[[ EXERCISE INPUT, beginning ]]

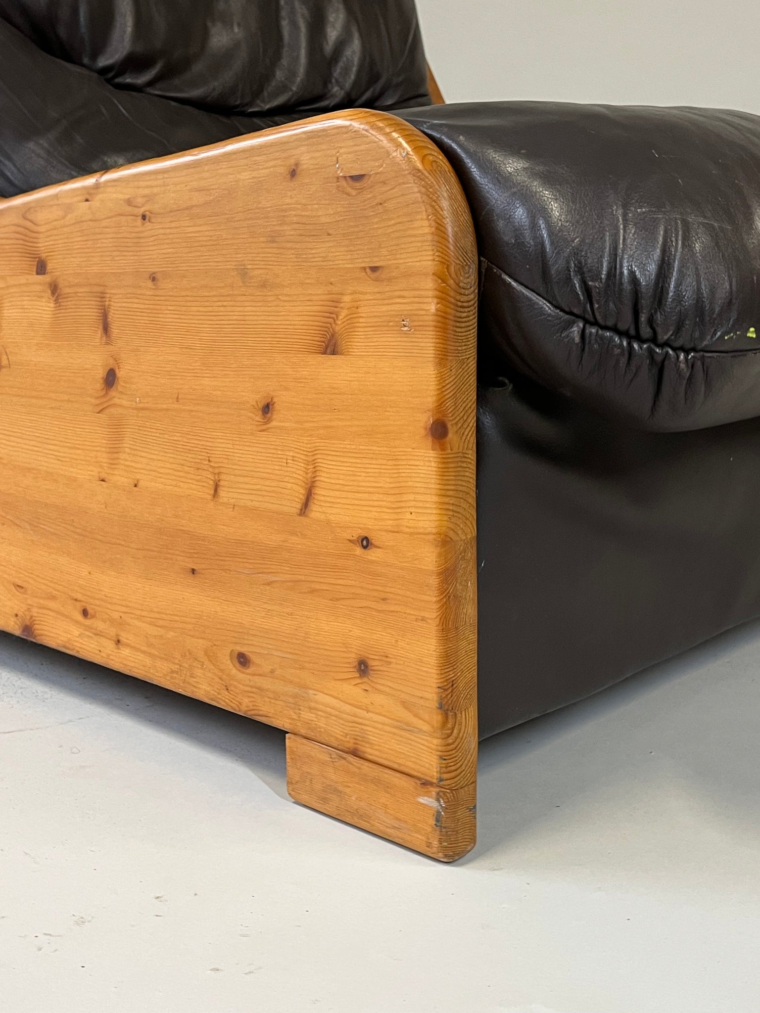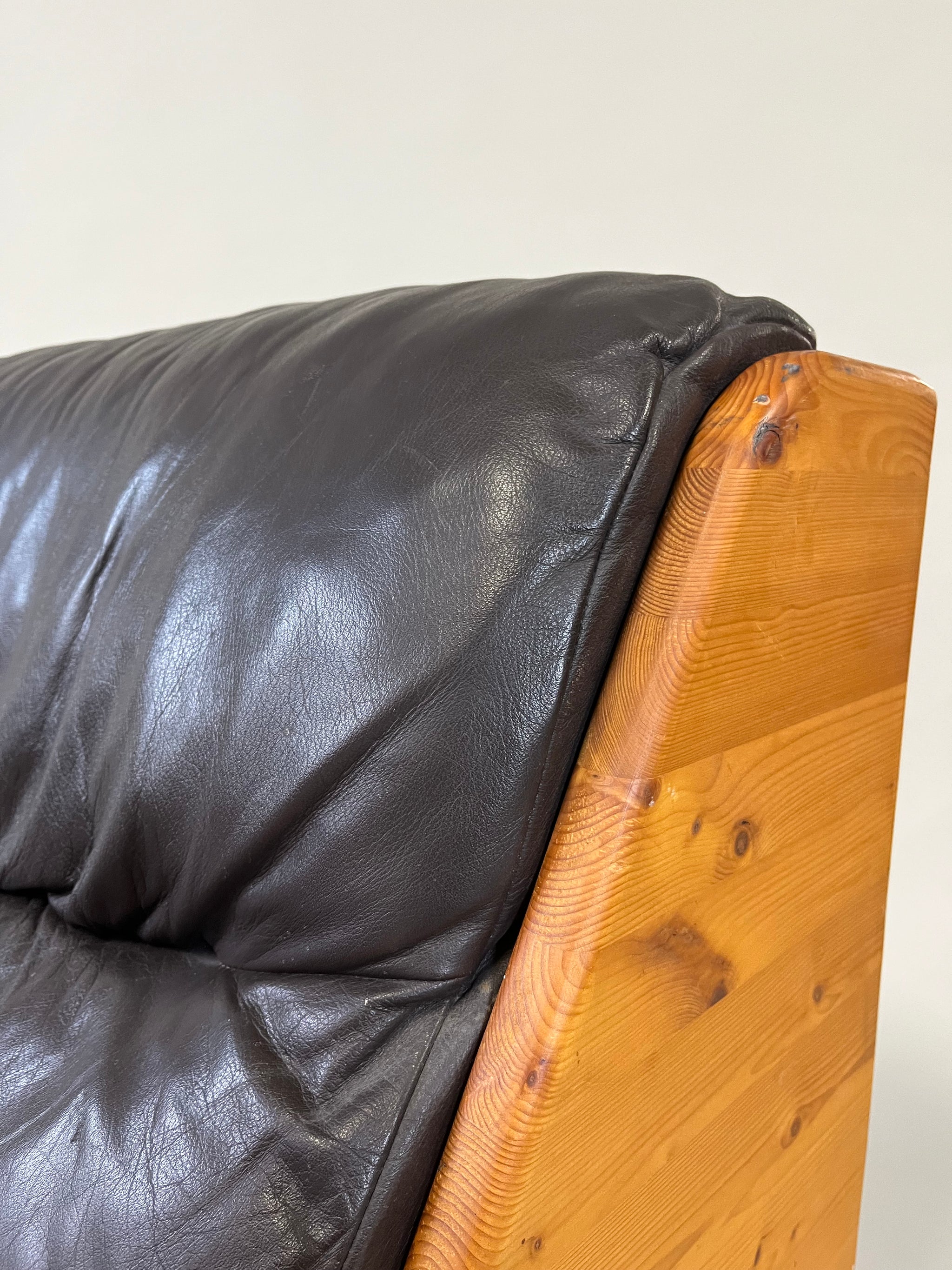 Brutalist Leather Armchair, 1970s, Europe
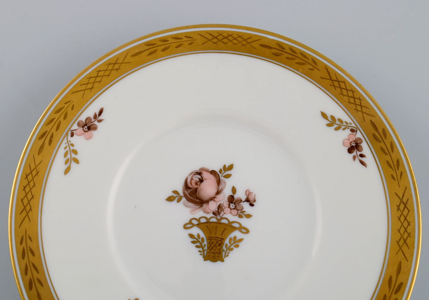 Tolv Royal Copenhagen Guldkurv kagetallerkener i håndmalet porcelæn med blomster og gulddekoration. 1930érne. Modelnummer 595/10522. Diameter: 15,6 cm. I flot stand. Stemplet. 1. Sortering.
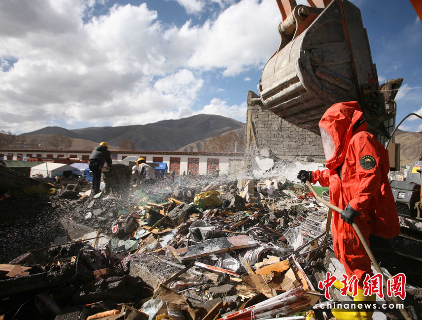 4月20日,來自四川內(nèi)江軍分區(qū)陸軍預(yù)備役防化團(tuán)開始對(duì)玉樹城區(qū)廢墟展開消毒工作。地震發(fā)生以后衛(wèi)生部門加強(qiáng)對(duì)震區(qū)消毒防疫工作力度,防疫人員開始對(duì)廢墟、災(zāi)民安置區(qū)展開拉網(wǎng)式消毒防疫,重點(diǎn)預(yù)防鼠疫、水質(zhì)污染,確保大災(zāi)之后無(wú)大疫。中新社發(fā) 劉忠俊 攝
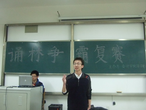 学习部主办的第八届“诵林争霸赛”复赛第一场在明水校区1306教室举行。担任此次复赛评委的是:注册送彩金
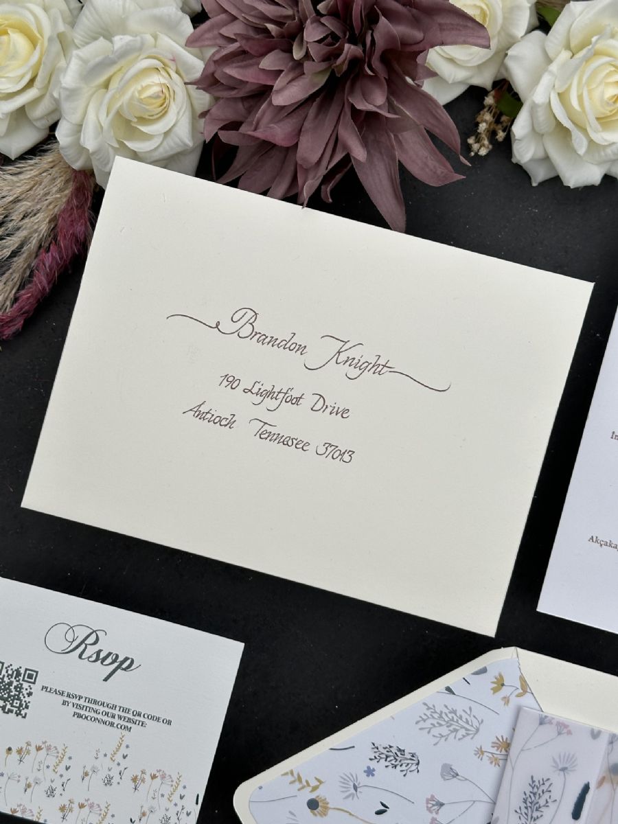 (kurutulmuş çiçek dekorasyonu, iade adresi baskısı, misafir adresi baskısı gibi)
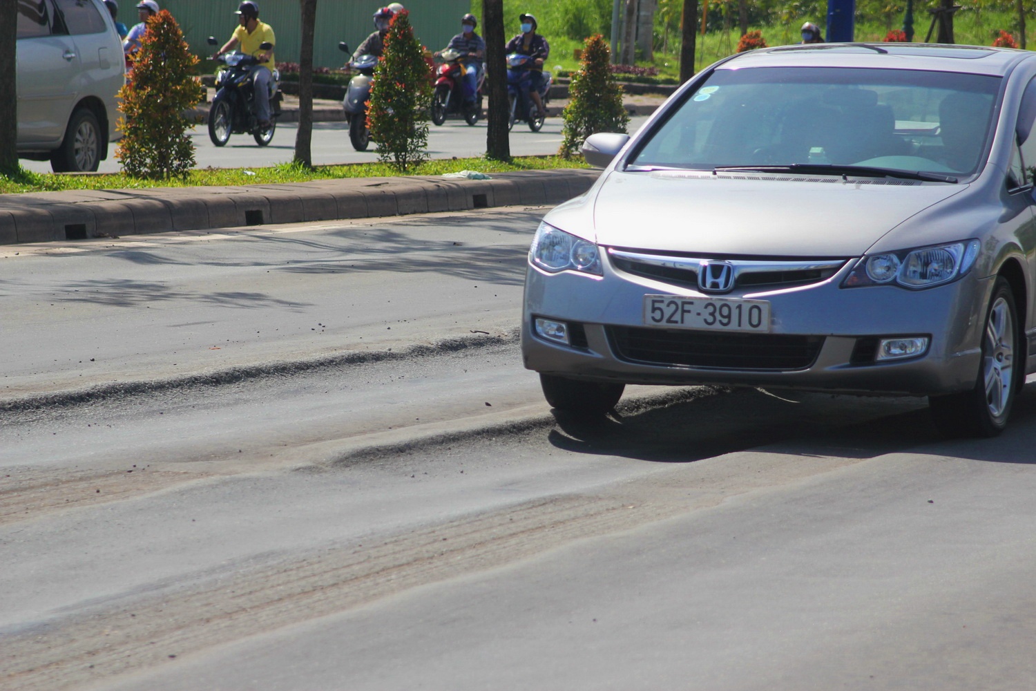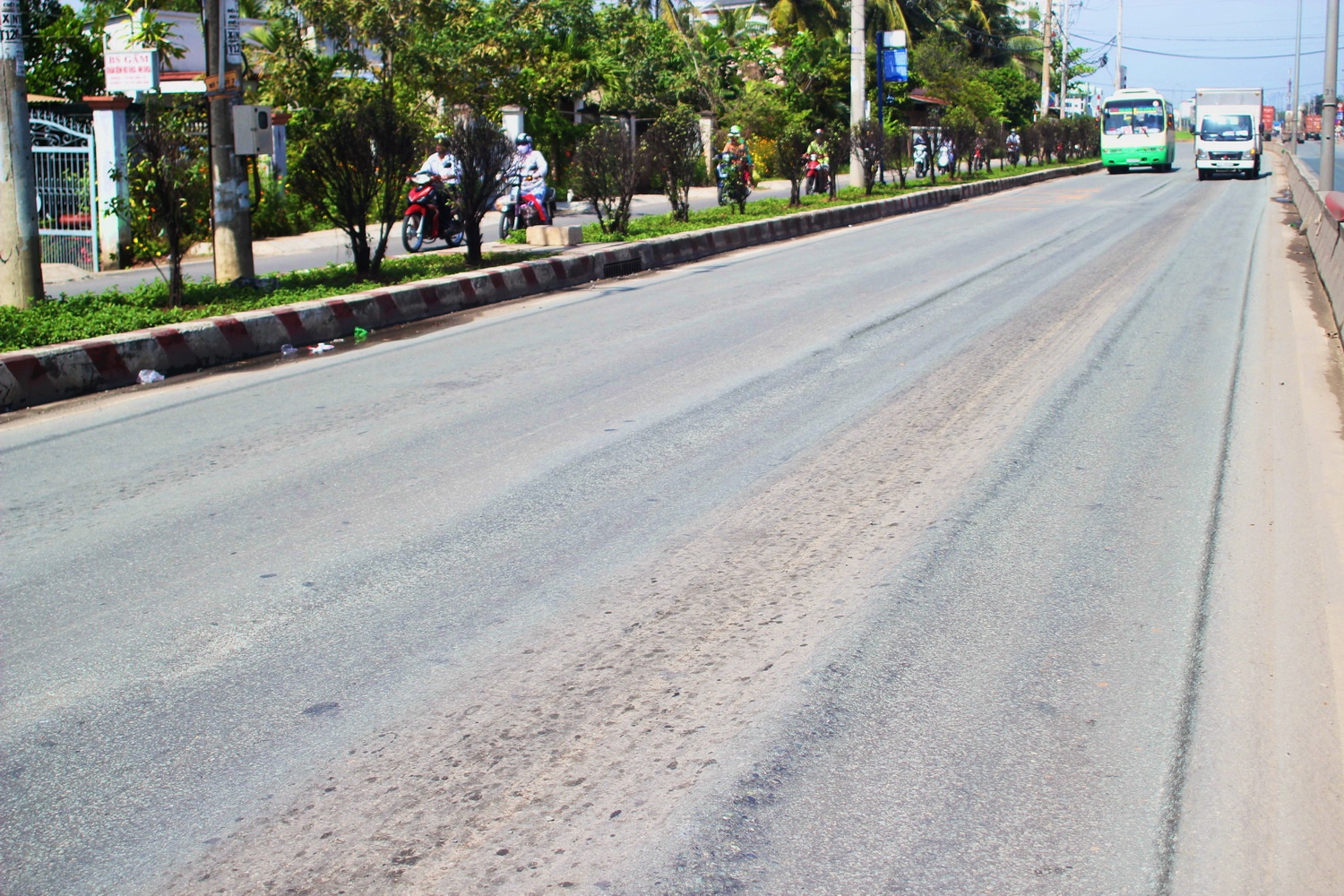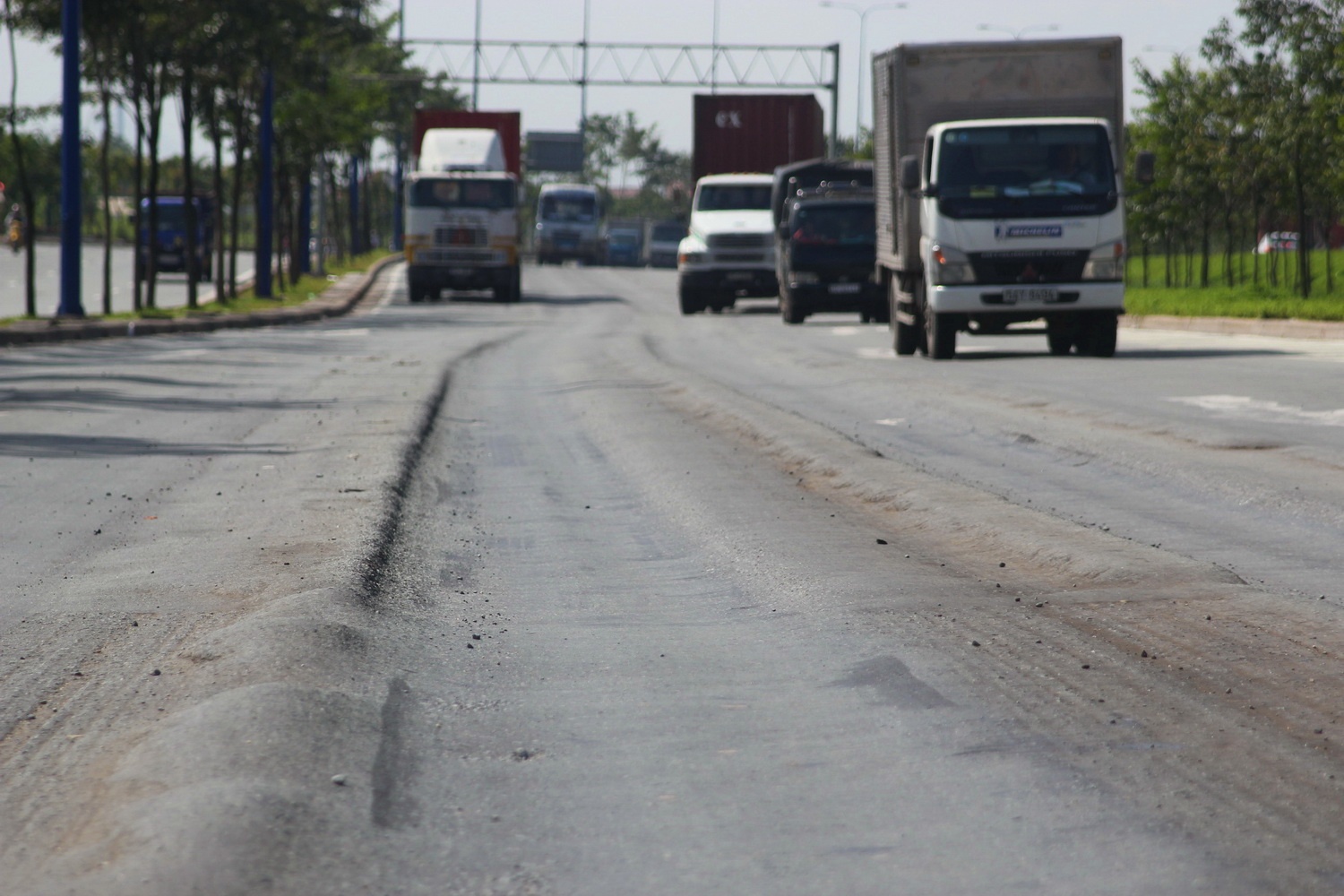 | Từng lớp bê-tông nhựa trồi lên, lỏm xuống khiến mặt đường nham nhở và xấu xí. |
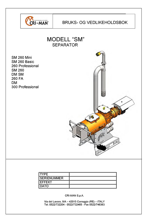 Cri-Man er en anerkjent produsent av kvalitets- utstyr til gjødsel og biogass-anlegg. Cri-Man separatorene har markedets største kapasitet. Brukes både i landbruk og næringsmiddelindustrien. Separatorene er utviklet for bruk i nordiske forhold. Inntak under med gjennomstrømning som hindrer tetting, og dreneres for frost.
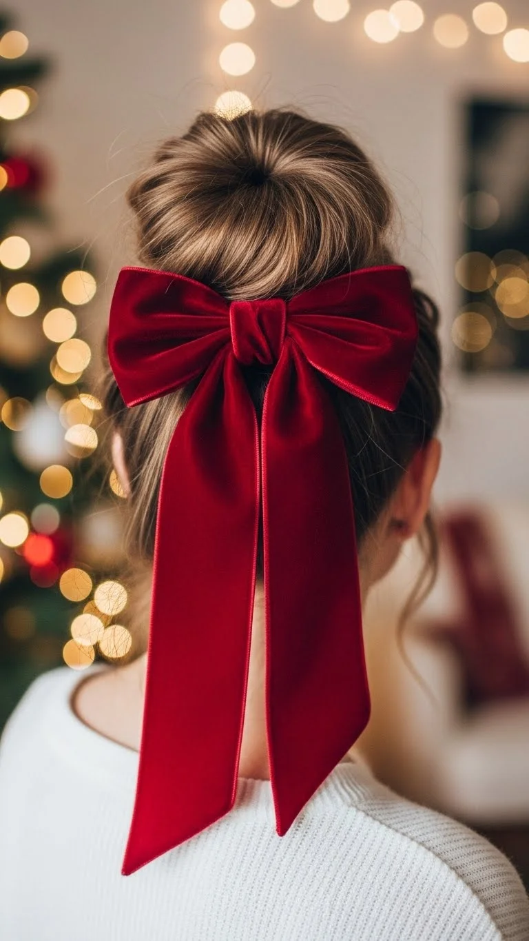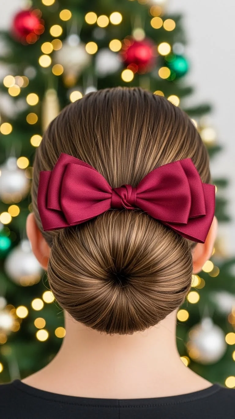 Brush hair into a neat low bun. Tie a satin bow at the base. Use a small amount of water to smooth flyaways. This simple style looks polished without extra cost. Choose bow colors like gold or red for a seasonal touch. It’s comfortable for long events and works for all ages.
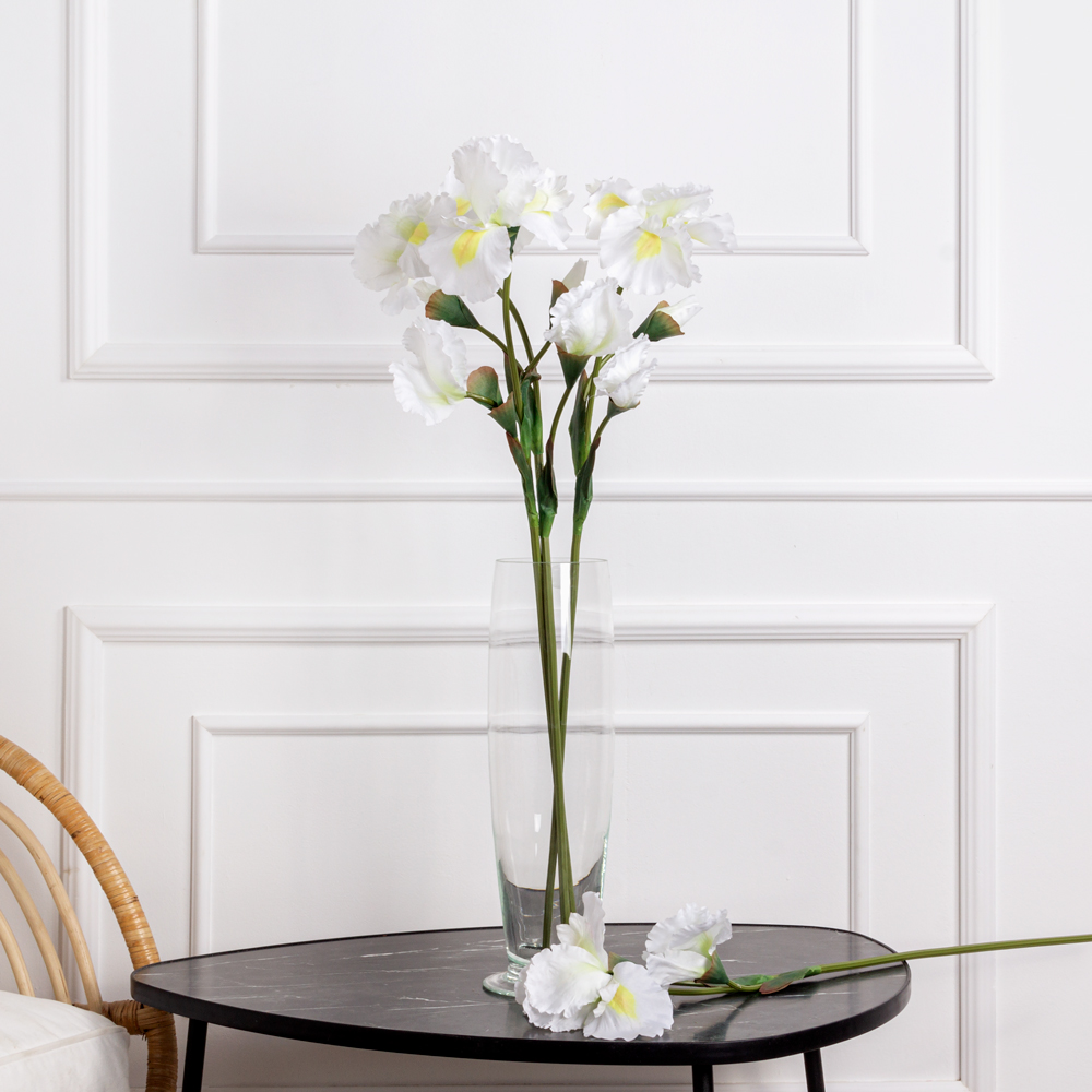 7141А/9120-01/23Р Ирис искусственный 1 голова d17см, 2 бутона, h80см, белый
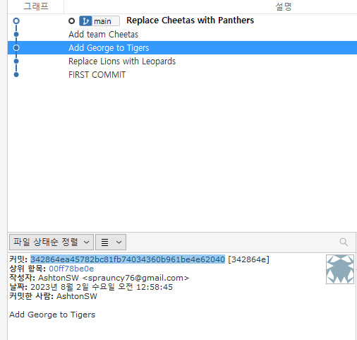 만약 Add George to Tigers의 커밋해시를 구해보자.
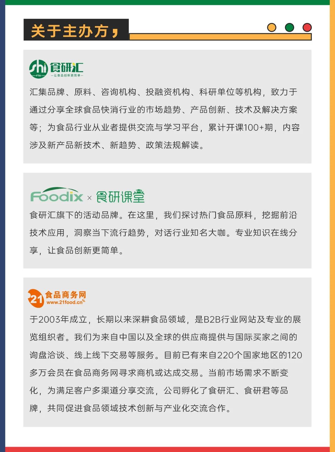 齐聚食品全产业链,瞄准食品新方向,为食品企业提供优质的展示交流平台,为参会嘉宾带来面对面新品体验。更有食研汇精准买家团,将有效促进深度合作,助力行业发展。来源丨食研汇FTA
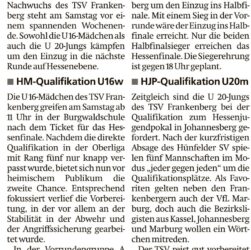 Qualifikation zum Hessenjugendpokal U18-weiblich Mitte 1 in Frankenberg Am Wochenende starteten die Mädchen des TSV Hessen 1848 Frankenberg in die …
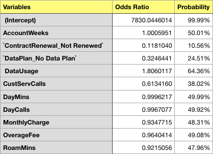 Let’s find out the power of Odds and Probability of the variables impacting on Customer Churn.
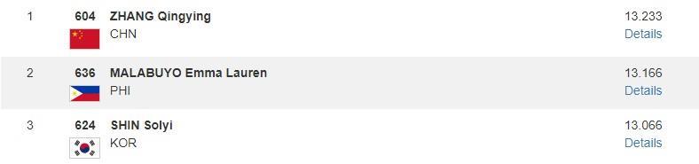 女子自由操項目,張清穎以13.233分再奪一枚金牌。另一名中國選手邱祺緣以12.133分排名第七。
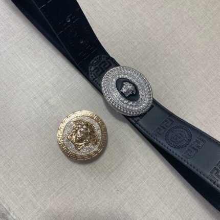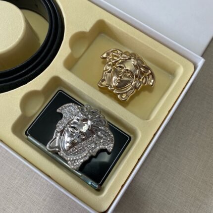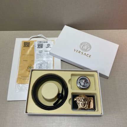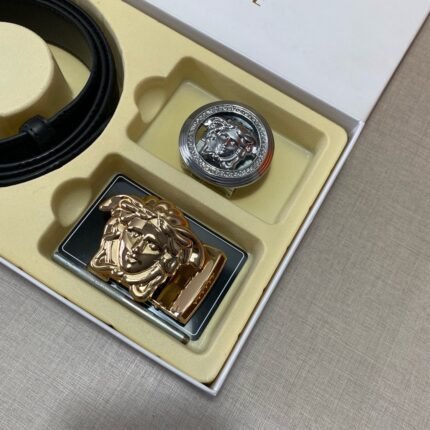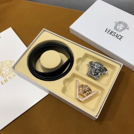 Versace Classic Double Button Round Buckle Belt Gift Box Set, High end Fashion, Noble and Elegant
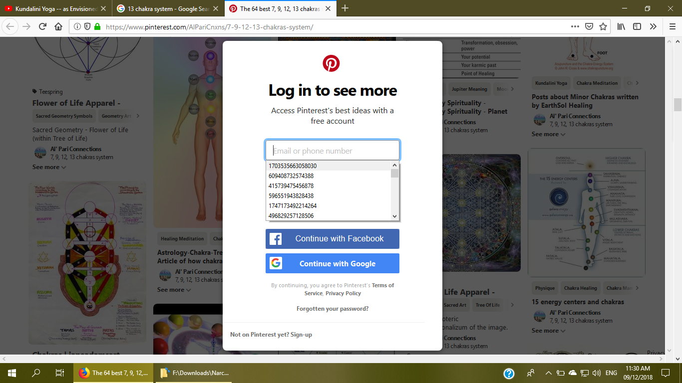 When I clicked on Pinterest user name field I god a large list of random 15 and 16 digit random numbers which I have never even entered in any other field in Firefox. The list is very long to scroll down.

[[ EXERCISE INPUT, end ]]

# WHAT IS NEEDED
A word-for-word reproduction is needed of the lines above from the line containing "7141А/9120-01/23Р Ирис искусственный" through the line containing "Versace Classic Double", with both ends kept and no pictures.

# TASK RESPONSE
 7141А/9120-01/23Р Ирис искусственный 1 голова d17см, 2 бутона, h80см, белый
 만약 Add George to Tigers의 커밋해시를 구해보자.
 齐聚食品全产业链,瞄准食品新方向,为食品企业提供优质的展示交流平台,为参会嘉宾带来面对面新品体验。更有食研汇精准买家团,将有效促进深度合作,助力行业发展。来源丨食研汇FTA
 Qualifikation zum Hessenjugendpokal U18-weiblich Mitte 1 in Frankenberg Am Wochenende starteten die Mädchen des TSV Hessen 1848 Frankenberg in die …
 Let’s find out the power of Odds and Probability of the variables impacting on Customer Churn.
 女子自由操項目,張清穎以13.233分再奪一枚金牌。另一名中國選手邱祺緣以12.133分排名第七。
 Versace Classic Double Button Round Buckle Belt Gift Box Set, High end Fashion, Noble and Elegant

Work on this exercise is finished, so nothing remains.